### DATA SECTION

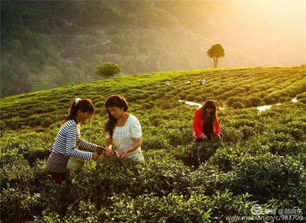 日上三竿,带着新采摘的嫩叶走进茶农新居,好客主人必是要捧出好茶招待,掬一捧屋后的山泉水,烧沸晾至八九成热,水壶高高提起,水注一线,向着客人凤凰三点头,茶在热流中凡翻滚,被浓缩收藏的春意也在激荡中被唤醒,轻缓的舒展着腰肢,一枚枚嫩芽恢复了清纯,如同天鹅湖畔的仙子随杯中的水流旋转跳动,直到静水曲终,那蕴藏在叶脉芽尖的漫山春意亦缓缓释放出来。押上一口一缕清香沁入肺腑,那是女儿十八春的味道,任你墙高门紧,早已飘出十里八乡了,这样的季节怎能不上茶山不踏春呢?
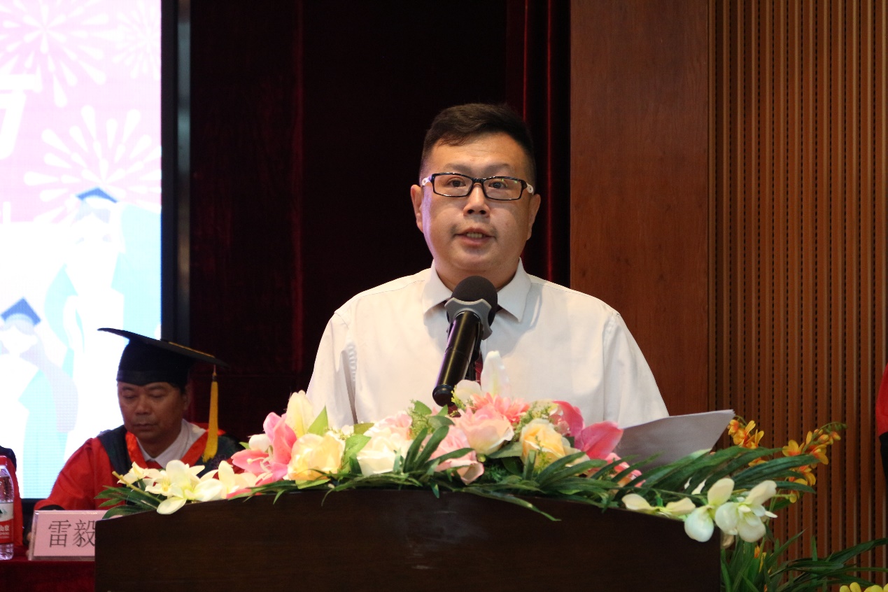 健康學(xué)院張邦奎副教授作為教師代表發(fā)言。他希望同學(xué)們做人要講誠信,有毅力,不要怕困難,要樂觀的看問題、處理事情。建立良好的信心,為家庭和社會,恪守自己的本分;他認為成人比成才更為重要。希望大家一定要經(jīng)得起考驗,要相信陽光總在風(fēng)雨后。未來技術(shù)會更成熟,價值觀以及物質(zhì)條件會逐步完善,具有社會交往能力的會更加精進。希望大家謹(jǐn)記回報國家和為社會做出貢獻,認真體會“大國工匠,技術(shù)強國”的深刻含義。
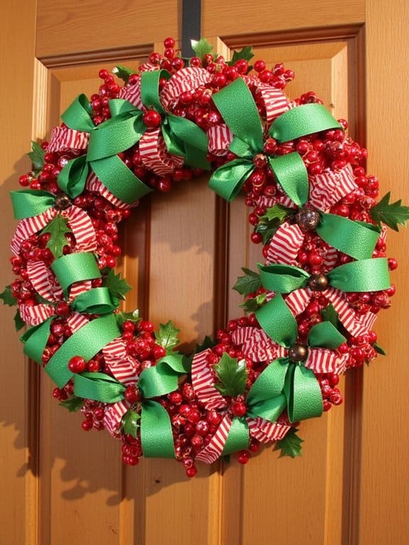 Create a festive Ribbon Candy Wreath by combining striped ribbon, wire, and glue into a charming door decoration. The wreath mimics the appearance of old-fashioned ribbon candy through carefully folded ribbon secured in a zigzag pattern around a wire circle.
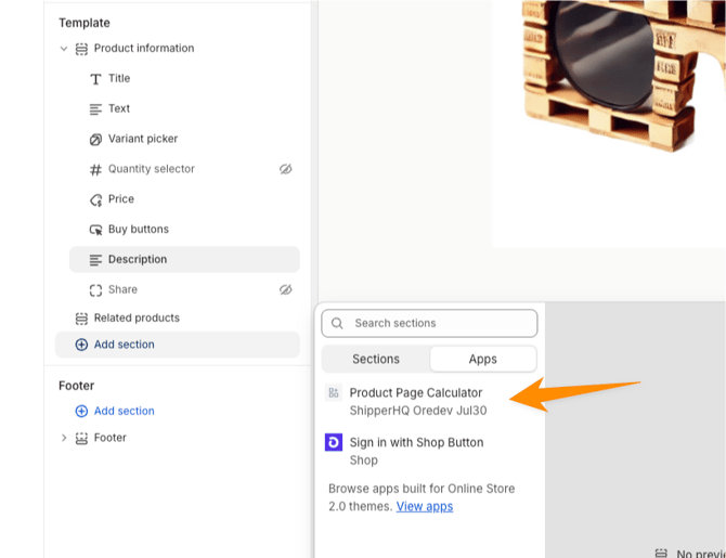 Select Apps tab, then select ShipperHQ Product Page Calculator App Block
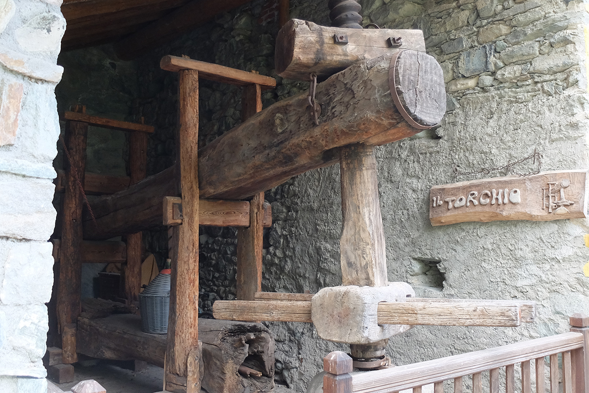 Nulla vieta però di immaginare, con verosimile certezza, che l’antico “pressoir” fosse già presente in loco da molto prima del 1770; questo torchio, nelle sue componenti essenziali, è perfettamente simile a quelli presenti in altri villaggi e un recentissimo restauro voluto dalla locale Amministrazione Comunale ha finalmente ridato giusta dignità all’insieme che, dopo secoli, era impietosamente giunto ormai da alcuni decenni, ad uno stato di totale abbandono. Con progetto dell’Architetto Giuseppe Rollandin di Saint-Vincent e con tanta attenzione da parte dell’artigiano esecutore dei lavori, sono state ripulite tutte le componenti costituite da pregiato legno di noce: tutte le sue parti costituite dal grande trave lungo circa sette metri, la vite (alta tre metri circa), la pietra di contrappeso, il pianale e le guide, dopo i necessari lavori sono state riassemblate così come la struttura in pietra dello stabile che, sovrastata da un tetto ad unica falda in lose, è stata consolidata e in parte rifatta ex novo.
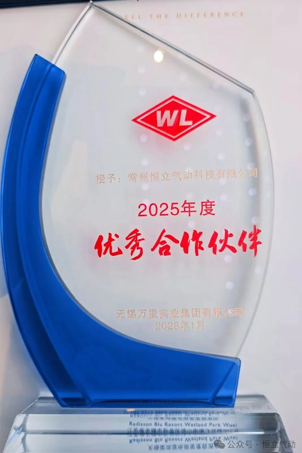 会议期间,万里集团对过去一年中表现卓越的合作伙伴进行了表彰。凭借在技术研发、产品品质、准时交付及全程服务等方面的杰出表现, 常州恒立气动科技有限公司被授予“优秀合作伙伴奖 ” 的荣誉,这一荣誉是对双方长期稳固合作与互信关系的充分肯定,也标志着恒立气动的综合实力与服务水准已获得客户端的系统性认可,是双方长期稳固、互信互惠合作关系的里程碑式见证。
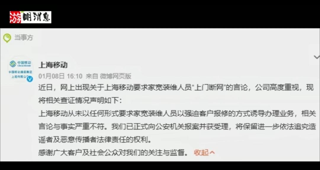 刚刚看到抖音一个短视频,上海移动的三个装维师傅实名举报上海移动:对移动早期装的宽带只有50元套餐的,被上海移动认定为低质客户,要求装维师傅上门给客户升级套餐,如果客户不配合的话,就要给客户断网,如果装维师傅不执行断网,没有执行到位,装维师傅就被受到降级、罚款、甚至开除的威胁。但是上海移动辟谣说没有这种事情,已向公安举报,要追究造谣者的一切责任。 站在一个普通客户的角度,我相信上海这三个移动的装维师傅讲的是事实!相信很多朋友都经历过被运营商莫名其妙乱收费,莫名其妙被断网,莫名其妙被强制升级套餐的行为,甚至有些莫名其妙被捆绑了一些不需要的收费套餐,莫名其妙被扣了好多年!想停都很难,想转网也很难。 这三个上海移动的装维师傅,还有一点良知,肯定是觉得这样做对不起客户,才会拿到身份证实名举报,冒着自己被丢饭碗的风险!不然不可能好好的在中国移动上班,敢这样实名举报。这三个上海移动的装维师傅接下来肯定会丢饭碗,但希望他们的勇敢的行为会唤起中国上海移动的自我反省,而不是强权意识! 虽然现在运营商有中国移动、中国联通、中国电信、中国广电,但是这些都是国有企业,还是带有垄断性质。其实,如果运营商有外资的介入,相信他们的服务会更上一层楼。如果马斯克进入中国运营商,马斯克有自己的卫星,我们运营商的收费、服务会明显改变,相信收费会更低,服务会更好! 竞争才是最好的改进提升、措施! (图片来源网络,如有侵权,请联系删除)
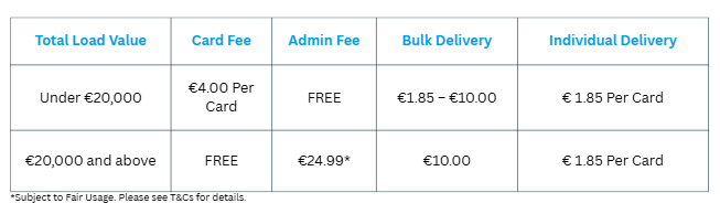 A card cost of €4.99 each and a handling fee of 1.95% of the total load value apply when paying by debit/credit card. Please see our pricing matrix below for Bank Transfer OrdersQ: Why do employers pay a fee?
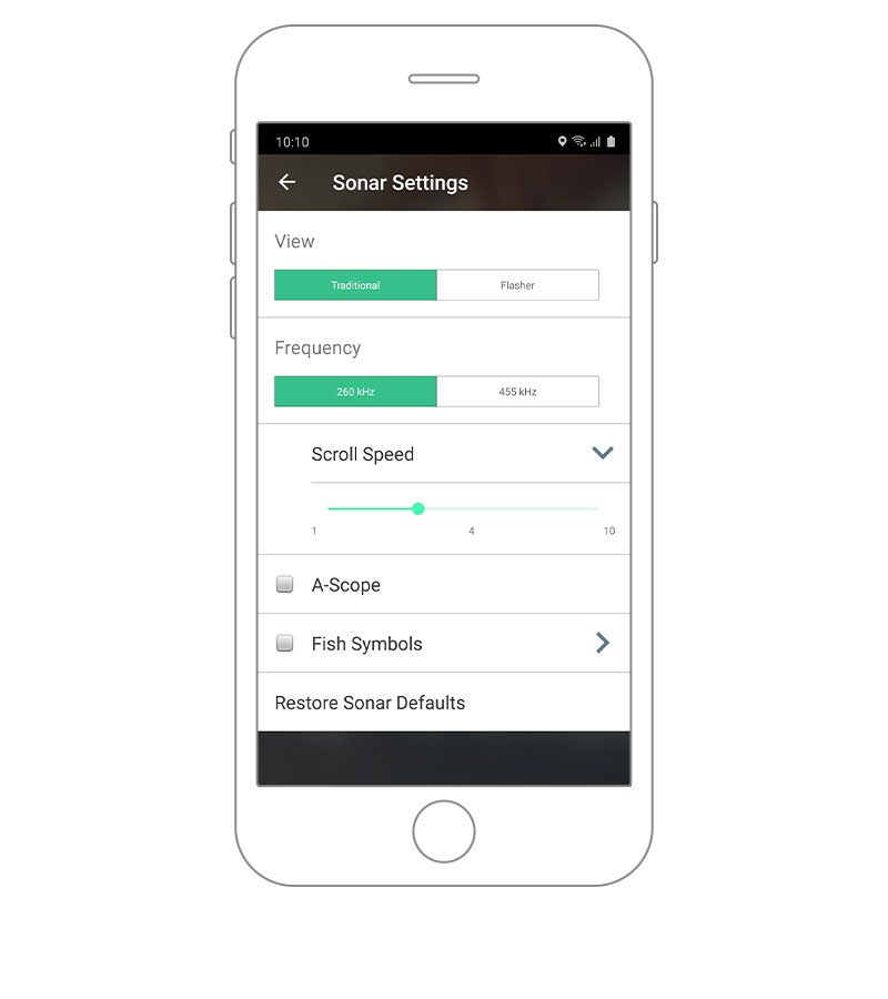 Wählen Sie aus den einfach zu interpretierenden Modi "Traditionelles 2D-Echolot" und "Eisfischerei-Blitzer" und passen Sie die Einstellungen für Empfindlichkeit, Reichweite usw. an.
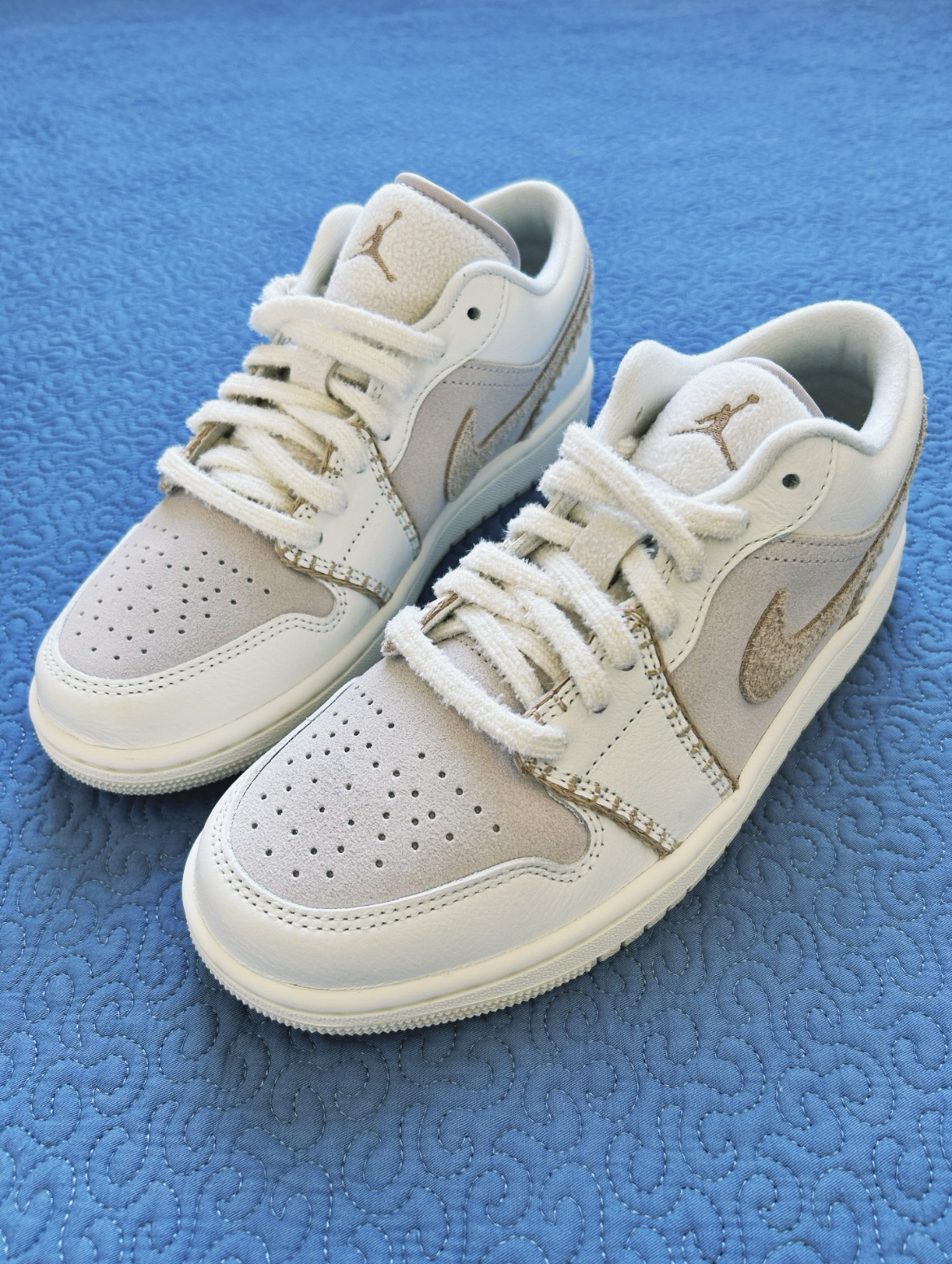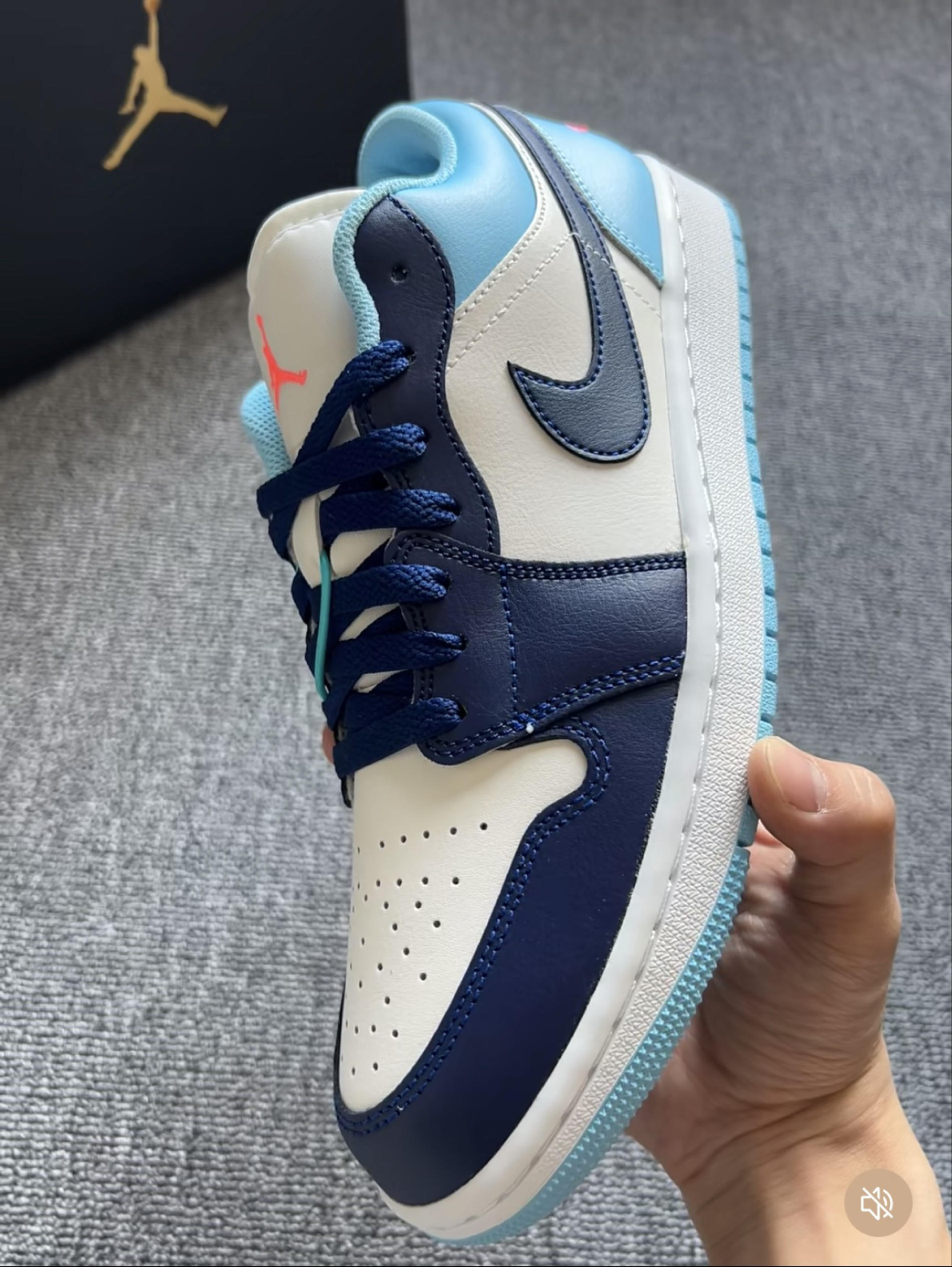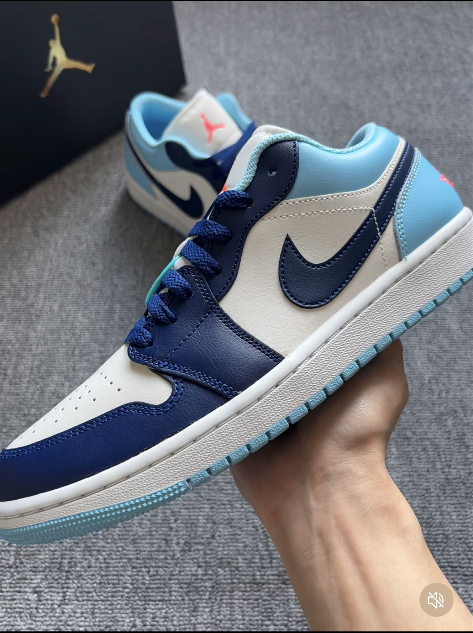 春天已经来了,还没有找到一双合适的好鞋吗,话不多说,这就上鞋,四个方面参考: 1️⃣外观:这双AJ1 Low前半身采用的深蓝色在光线下呈现出一种深邃,沉稳的光泽感,这种质感与天然黑曜石很相似,有种大自然的感觉,鞋后半身采用浅蓝色,辅以鞋舌、后跟的粉橙色飞人刺绣点缀,提亮鞋子整体颜色,从沉稳转向活力。 2️⃣材料:鞋面主体为合成革,纹理细腻有光泽感,鞋舌用织物网布增加透气性,白色橡胶中底浅蓝色橡胶外...

### WHAT YOU ARE ASKED TO DO
Would you return the data above exactly as written, minus the images?

### EXERCISE RESULT
 日上三竿,带着新采摘的嫩叶走进茶农新居,好客主人必是要捧出好茶招待,掬一捧屋后的山泉水,烧沸晾至八九成热,水壶高高提起,水注一线,向着客人凤凰三点头,茶在热流中凡翻滚,被浓缩收藏的春意也在激荡中被唤醒,轻缓的舒展着腰肢,一枚枚嫩芽恢复了清纯,如同天鹅湖畔的仙子随杯中的水流旋转跳动,直到静水曲终,那蕴藏在叶脉芽尖的漫山春意亦缓缓释放出来。押上一口一缕清香沁入肺腑,那是女儿十八春的味道,任你墙高门紧,早已飘出十里八乡了,这样的季节怎能不上茶山不踏春呢?
 健康學(xué)院張邦奎副教授作為教師代表發(fā)言。他希望同學(xué)們做人要講誠信,有毅力,不要怕困難,要樂觀的看問題、處理事情。建立良好的信心,為家庭和社會,恪守自己的本分;他認為成人比成才更為重要。希望大家一定要經(jīng)得起考驗,要相信陽光總在風(fēng)雨后。未來技術(shù)會更成熟,價值觀以及物質(zhì)條件會逐步完善,具有社會交往能力的會更加精進。希望大家謹(jǐn)記回報國家和為社會做出貢獻,認真體會“大國工匠,技術(shù)強國”的深刻含義。
 Create a festive Ribbon Candy Wreath by combining striped ribbon, wire, and glue into a charming door decoration. The wreath mimics the appearance of old-fashioned ribbon candy through carefully folded ribbon secured in a zigzag pattern around a wire circle.
 Select Apps tab, then select ShipperHQ Product Page Calculator App Block
 Nulla vieta però di immaginare, con verosimile certezza, che l’antico “pressoir” fosse già presente in loco da molto prima del 1770; questo torchio, nelle sue componenti essenziali, è perfettamente simile a quelli presenti in altri villaggi e un recentissimo restauro voluto dalla locale Amministrazione Comunale ha finalmente ridato giusta dignità all’insieme che, dopo secoli, era impietosamente giunto ormai da alcuni decenni, ad uno stato di totale abbandono. Con progetto dell’Architetto Giuseppe Rollandin di Saint-Vincent e con tanta attenzione da parte dell’artigiano esecutore dei lavori, sono state ripulite tutte le componenti costituite da pregiato legno di noce: tutte le sue parti costituite dal grande trave lungo circa sette metri, la vite (alta tre metri circa), la pietra di contrappeso, il pianale e le guide, dopo i necessari lavori sono state riassemblate così come la struttura in pietra dello stabile che, sovrastata da un tetto ad unica falda in lose, è stata consolidata e in parte rifatta ex novo.
 会议期间,万里集团对过去一年中表现卓越的合作伙伴进行了表彰。凭借在技术研发、产品品质、准时交付及全程服务等方面的杰出表现, 常州恒立气动科技有限公司被授予“优秀合作伙伴奖 ” 的荣誉,这一荣誉是对双方长期稳固合作与互信关系的充分肯定,也标志着恒立气动的综合实力与服务水准已获得客户端的系统性认可,是双方长期稳固、互信互惠合作关系的里程碑式见证。
 刚刚看到抖音一个短视频,上海移动的三个装维师傅实名举报上海移动:对移动早期装的宽带只有50元套餐的,被上海移动认定为低质客户,要求装维师傅上门给客户升级套餐,如果客户不配合的话,就要给客户断网,如果装维师傅不执行断网,没有执行到位,装维师傅就被受到降级、罚款、甚至开除的威胁。但是上海移动辟谣说没有这种事情,已向公安举报,要追究造谣者的一切责任。 站在一个普通客户的角度,我相信上海这三个移动的装维师傅讲的是事实!相信很多朋友都经历过被运营商莫名其妙乱收费,莫名其妙被断网,莫名其妙被强制升级套餐的行为,甚至有些莫名其妙被捆绑了一些不需要的收费套餐,莫名其妙被扣了好多年!想停都很难,想转网也很难。 这三个上海移动的装维师傅,还有一点良知,肯定是觉得这样做对不起客户,才会拿到身份证实名举报,冒着自己被丢饭碗的风险!不然不可能好好的在中国移动上班,敢这样实名举报。这三个上海移动的装维师傅接下来肯定会丢饭碗,但希望他们的勇敢的行为会唤起中国上海移动的自我反省,而不是强权意识! 虽然现在运营商有中国移动、中国联通、中国电信、中国广电,但是这些都是国有企业,还是带有垄断性质。其实,如果运营商有外资的介入,相信他们的服务会更上一层楼。如果马斯克进入中国运营商,马斯克有自己的卫星,我们运营商的收费、服务会明显改变,相信收费会更低,服务会更好! 竞争才是最好的改进提升、措施! (图片来源网络,如有侵权,请联系删除)
 A card cost of €4.99 each and a handling fee of 1.95% of the total load value apply when paying by debit/credit card. Please see our pricing matrix below for Bank Transfer OrdersQ: Why do employers pay a fee?
 Wählen Sie aus den einfach zu interpretierenden Modi "Traditionelles 2D-Echolot" und "Eisfischerei-Blitzer" und passen Sie die Einstellungen für Empfindlichkeit, Reichweite usw. an.
 春天已经来了,还没有找到一双合适的好鞋吗,话不多说,这就上鞋,四个方面参考: 1️⃣外观:这双AJ1 Low前半身采用的深蓝色在光线下呈现出一种深邃,沉稳的光泽感,这种质感与天然黑曜石很相似,有种大自然的感觉,鞋后半身采用浅蓝色,辅以鞋舌、后跟的粉橙色飞人刺绣点缀,提亮鞋子整体颜色,从沉稳转向活力。 2️⃣材料:鞋面主体为合成革,纹理细腻有光泽感,鞋舌用织物网布增加透气性,白色橡胶中底浅蓝色橡胶外...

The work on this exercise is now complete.